### [INSTRUCTIONS FOR THE TASK]
Work through the listing below and give again exactly the lines from the one with "FT-IR spectra of" to the one with "長崎県・五島列島出身の店主が", both ends included. All other lines and all pictures stay out.
————————
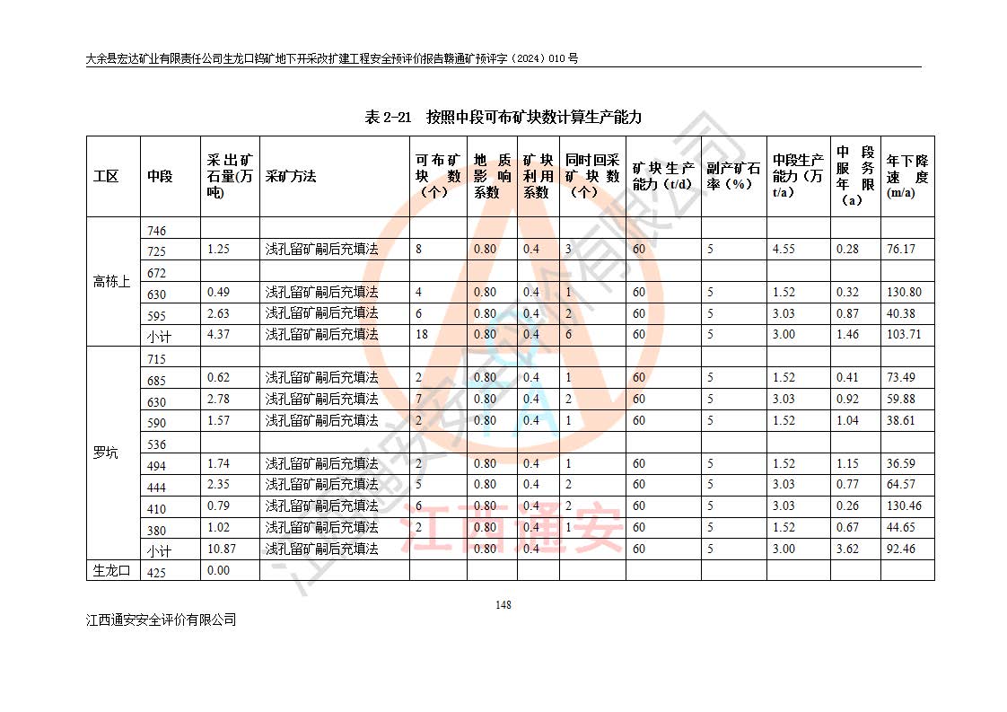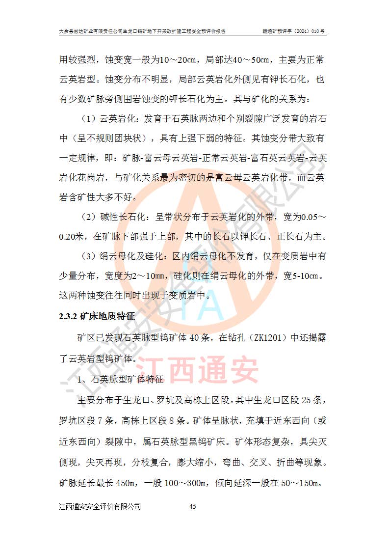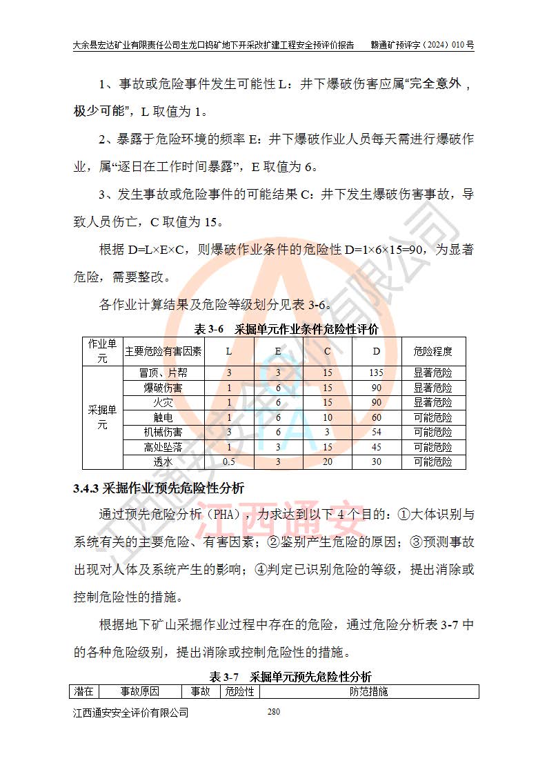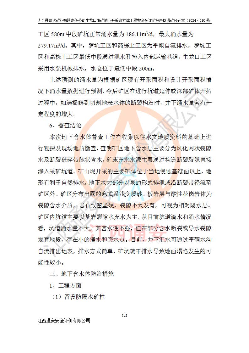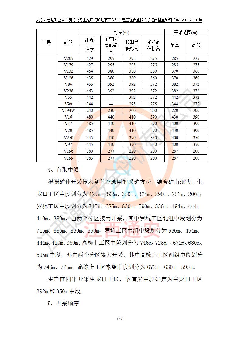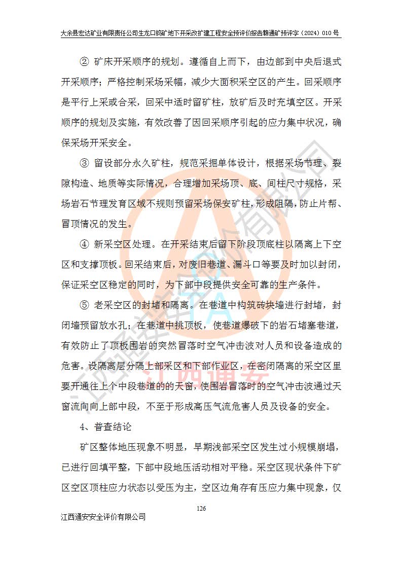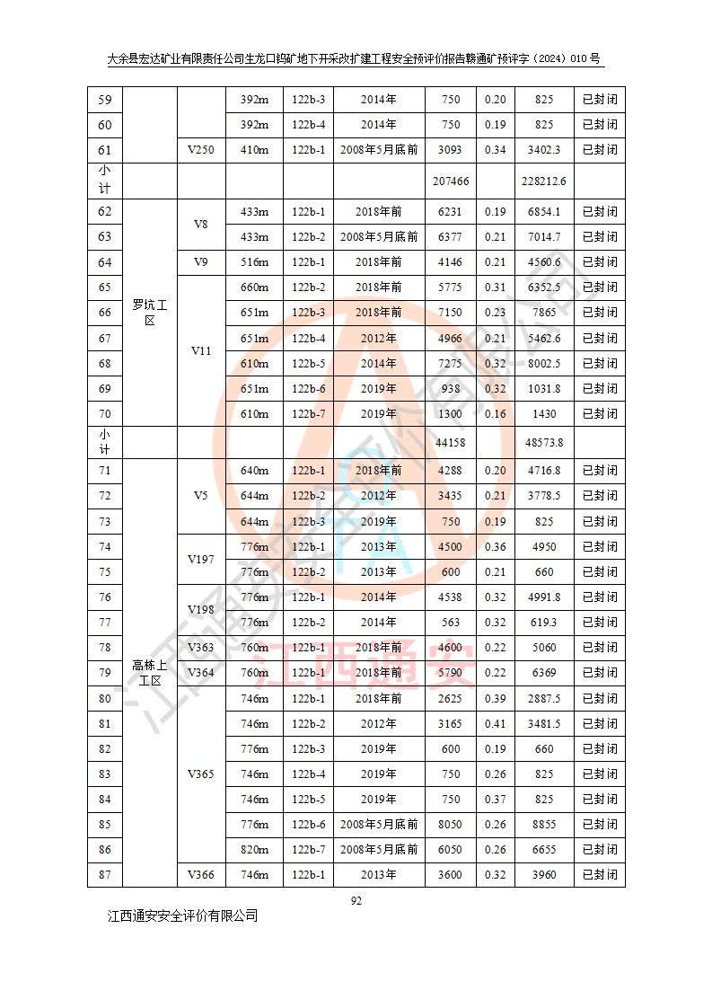 大余縣生龍口礦區(qū)鎢礦位于大余縣城北西 310°方位,距大余縣城直距 12 **,西接生龍口,北接蕩坪礦,南鄰黃木坑、西華山等礦區(qū),礦區(qū)正好是幾個(gè)礦區(qū)的銜接部位。隸屬大余縣浮江鄉(xiāng)管轄。其地理位置為:東經(jīng) 114°17′03″--114°20′11″;北緯 25°27′15″ --25 ° 28 ′ 10″ 。 礦 區(qū) 面 積 為5.97平方**。區(qū)內(nèi)交通較為方便,礦區(qū)東西兩側(cè)不遠(yuǎn)處均有公路通過(guò),西側(cè)為大余至崇義公路,東側(cè)為 大 余 至 蕩 坪 公路,通過(guò)這兩條公路均可向南與大余縣城與 323 國(guó)道相接,至贛州市區(qū)約100 **,往廣東省韶關(guān)贛韶高速約 150 **,向北達(dá)崇義縣城。 生龍口鎢礦建礦以前只有一些小規(guī)模的民采,2003年大余縣宏達(dá)礦業(yè)有限公司取得采礦權(quán),形成規(guī)模采礦,后期采礦證經(jīng)過(guò)多次延續(xù)與變更。生龍口鎢礦共設(shè)置了高棟上、羅坑、生龍口3個(gè)開(kāi)采工區(qū)。3個(gè)工區(qū)相距3**左右。 2024年9月江西晶楚工程技術(shù)有限公司編制完成了《大余縣宏達(dá)礦業(yè)有限責(zé)任公司生龍口鎢礦地下開(kāi)采改擴(kuò)建工程可行性研究報(bào)告》(以下簡(jiǎn)稱(chēng)《可研報(bào)告》)。2024年12月26日取得《江西省工業(yè)和信息化廳關(guān)于大余縣宏達(dá)礦業(yè)有限責(zé)任公司生龍口鎢礦地下開(kāi)采改擴(kuò)建工程核準(zhǔn)的批復(fù)》(贛工信有色〔2024〕49號(hào))。 根據(jù)《可研報(bào)告》,可研設(shè)計(jì)范圍為生龍口鎢礦礦區(qū)礦權(quán)范圍,平面范圍由15個(gè)拐點(diǎn)組成,開(kāi)采標(biāo)高范圍為746m~200m。本次開(kāi)采對(duì)象為開(kāi)采范圍內(nèi)的35條工業(yè)礦體,其中,大部分礦體以及接近地表處存在采空區(qū),為保護(hù)地表及井下安全作業(yè),需留設(shè)地表保安礦柱及采空區(qū)隔離礦柱;其中,高棟上工區(qū)V198、V197礦體因位于采空區(qū)后方,且資源量較少,暫不列為開(kāi)采對(duì)象;生龍口工區(qū)V98、V85、V84因利舊324m主平硐口,故作為保安礦柱,暫不予開(kāi)采??裳?*采用淺孔留礦嗣后充填法??裳?*采用平硐+盲斜坡道開(kāi)拓,一次性整體設(shè)計(jì),各工區(qū)礦石和廢石均通過(guò)溜井下放至相應(yīng)區(qū)段*低開(kāi)采中段、通過(guò)UK-6礦用自卸卡車(chē)裝載,利用內(nèi)部運(yùn)輸巷道和溜井運(yùn)至生龍口工區(qū)324m平硐(主運(yùn)輸巷道)集中出礦,各工區(qū)礦石、廢石分別運(yùn)至324平硐口附近的選礦廠和砂石骨料加工廠。井下中段**采用無(wú)軌運(yùn)輸。礦區(qū)采用分區(qū)通風(fēng)系統(tǒng)、每個(gè)工區(qū)采用單翼對(duì)角抽出機(jī)械式通風(fēng)方式;新風(fēng)主要從平硐口進(jìn)風(fēng),回風(fēng)井回風(fēng)。 本項(xiàng)目已經(jīng)符合編制安全預(yù)評(píng)價(jià)的前置條件,根據(jù)《中華人民共和國(guó)安全生產(chǎn)法》、《建設(shè)項(xiàng)目安全設(shè)施“三同時(shí)”監(jiān)督管理辦法》(**安全生產(chǎn)監(jiān)督管理局令第36號(hào))、《金屬非金屬礦山建設(shè)項(xiàng)目安全設(shè)施目錄》(**安全生產(chǎn)監(jiān)督管理總局令第75號(hào))和《**礦山安全監(jiān)察局關(guān)于進(jìn)一步加強(qiáng)非煤礦山安全生產(chǎn)行政許可工作的通知》(礦安〔2024〕70號(hào))的規(guī)定,大余縣宏達(dá)礦業(yè)有限責(zé)任公司2024年10月8日委托江西通安安全評(píng)價(jià)有限公司對(duì)其生龍口鎢礦地下開(kāi)采改擴(kuò)建工程進(jìn)行安全預(yù)評(píng)價(jià)。 |
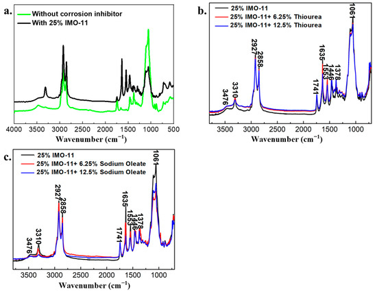 FT-IR spectra of gel coating without and with different inhibitors; (a) without and with 25% IMO-11; (b) with IMO-11 and thiourea; (c) with IMO-11 and sodium oleate.
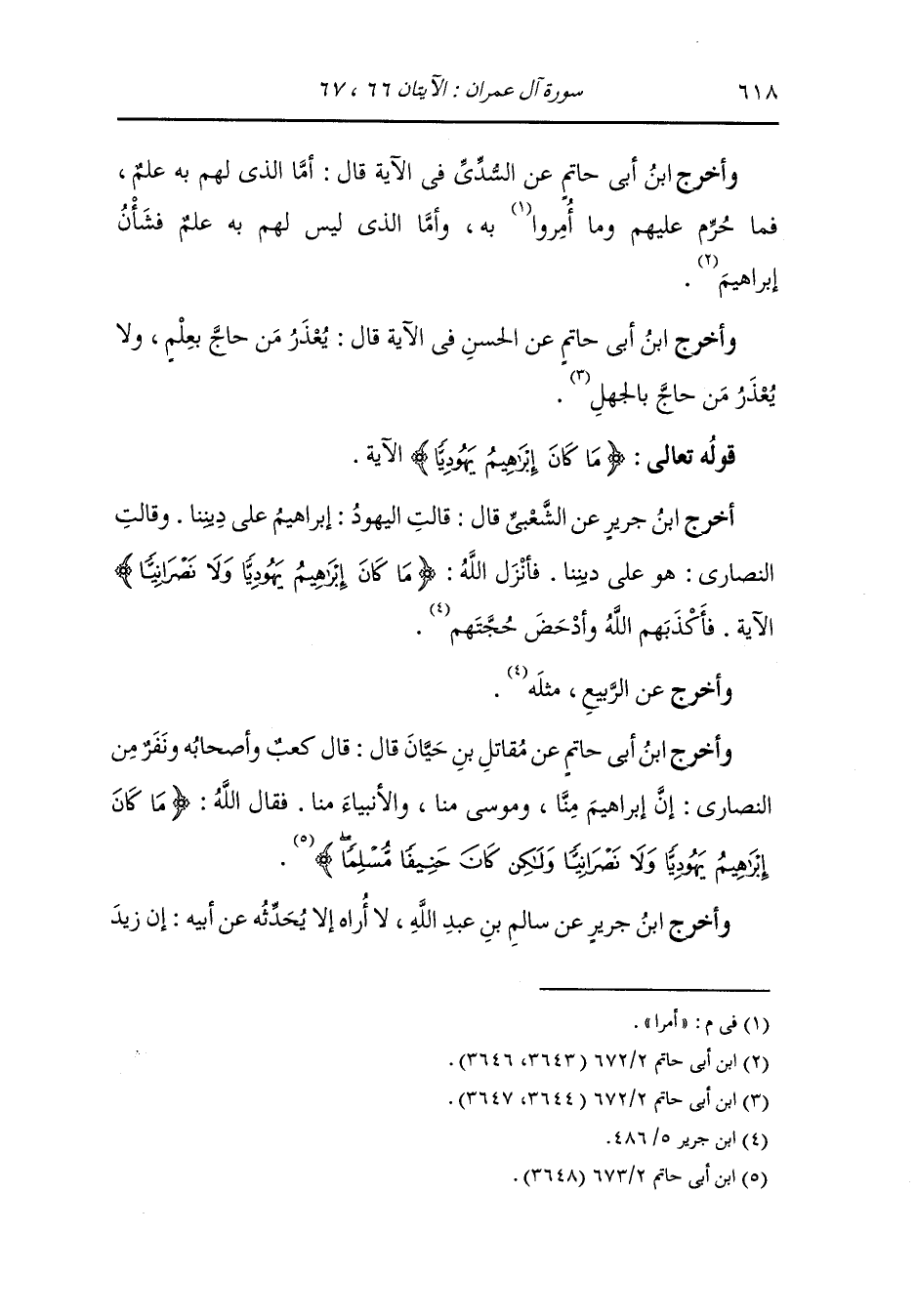 وأخرج ابن أبي حاتم عن مقاتل بن حيان قال : قال كعب وأصحابه ونفر من النصارى : إن إبراهيم منا وموسى منا والأنبياء منا ، فقال الله {ما كان إبراهيم يهوديا ولا نصرانيا ولكن كان حنيفا مسلما}.
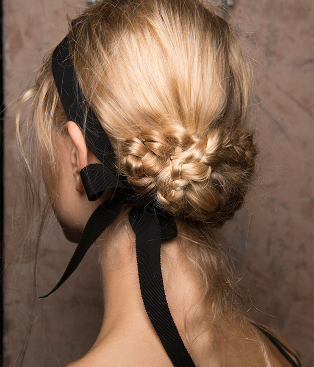 Неделя моды в Лондоне показала всю необходимость ленты в волосах. Можно распустить волосы или завязать их в хвост. Лента может быть прямой или скрученной из шелкового платка. Делать бант у виска или завязать ее под волосами — выбор за вами. На показе Erdem такая прическа выгодно подчеркивала и вечерний образ, и повседневную классику.
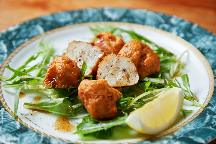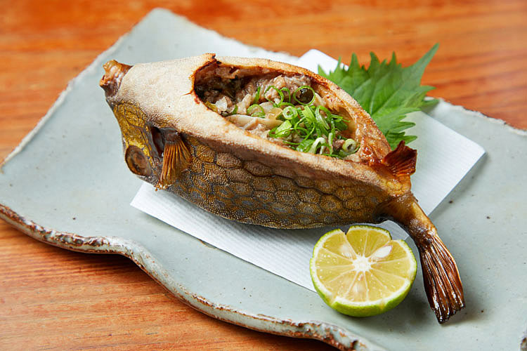 長崎県・五島列島出身の店主が故郷の食材で作る郷土料理が評判。「はこふぐの味噌焼き」は、くり抜いた腹に麦味噌とカワハギの肝などを詰めて焼き上げた一品で、濃厚な旨味が魅力。ご飯のおともにも、酒のアテにもぴったりだ。「とびうおのすり身のばらもん揚げ」は、いわゆる五島名物の揚げ蒲鉾で、魚の旨味とプリッとした食感が楽しめる。北摂では珍しい離島グルメを味わってみよう。
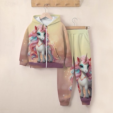 Da ragazza 3D Cartoni animati Unicorno Set felpa e leggings Set Manica lunga Stampa 3D Autunno Inverno Attivo Di tendenza Giornaliero Bambino 3-12 anni Girocollo Esterno Da mare Appuntamento Standard
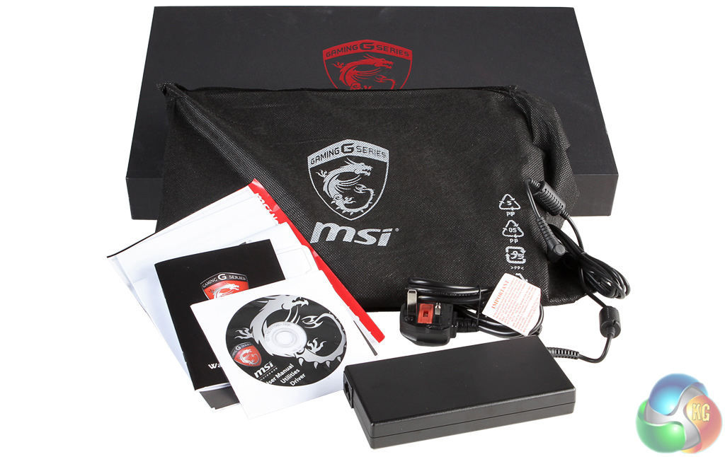 The MSI GS40 6QE bundle includes discs, literature, a power adapter.
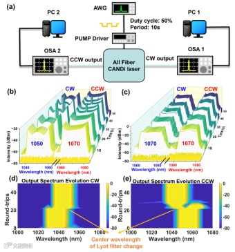 图 2:全光纤 CANDi 激光器自启动能力的验证。(a)自启动验证装置。(b)和(c)在泵浦功率周期性调制下,激光器两个方向输出光谱的实时演化。(d)和(e)通过改变滤波器波长从双波长状态切换到单波长状态的模拟结果。
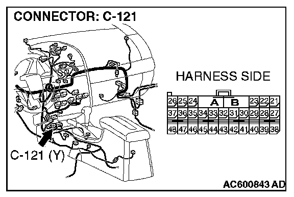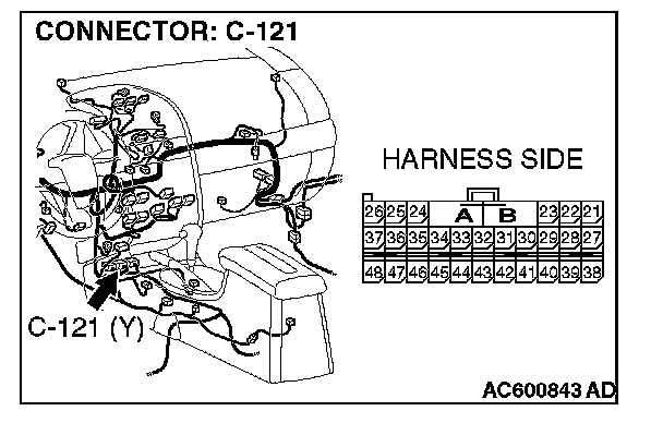STEP 42. Check SRS-ECU connector C-121 for loose, corroded or damaged terminals, or terminals pushed back in the connector.
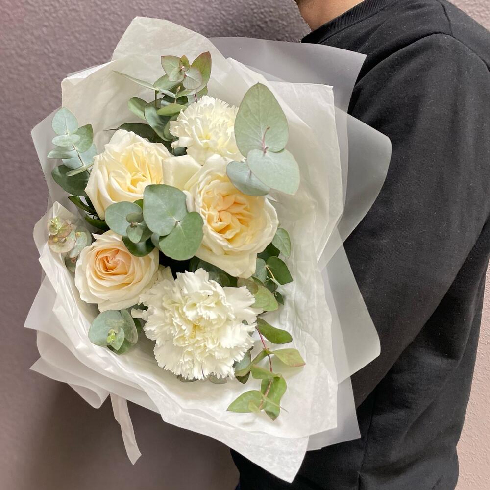 Букет «Арктика»(Роза Ароматная premium О Хара,диантус(гвоздика),эвкалипт )
————————
### [WRITTEN SOLUTION]
 FT-IR spectra of gel coating without and with different inhibitors; (a) without and with 25% IMO-11; (b) with IMO-11 and thiourea; (c) with IMO-11 and sodium oleate.
 وأخرج ابن أبي حاتم عن مقاتل بن حيان قال : قال كعب وأصحابه ونفر من النصارى : إن إبراهيم منا وموسى منا والأنبياء منا ، فقال الله {ما كان إبراهيم يهوديا ولا نصرانيا ولكن كان حنيفا مسلما}.
 Неделя моды в Лондоне показала всю необходимость ленты в волосах. Можно распустить волосы или завязать их в хвост. Лента может быть прямой или скрученной из шелкового платка. Делать бант у виска или завязать ее под волосами — выбор за вами. На показе Erdem такая прическа выгодно подчеркивала и вечерний образ, и повседневную классику.
 長崎県・五島列島出身の店主が故郷の食材で作る郷土料理が評判。「はこふぐの味噌焼き」は、くり抜いた腹に麦味噌とカワハギの肝などを詰めて焼き上げた一品で、濃厚な旨味が魅力。ご飯のおともにも、酒のアテにもぴったりだ。「とびうおのすり身のばらもん揚げ」は、いわゆる五島名物の揚げ蒲鉾で、魚の旨味とプリッとした食感が楽しめる。北摂では珍しい離島グルメを味わってみよう。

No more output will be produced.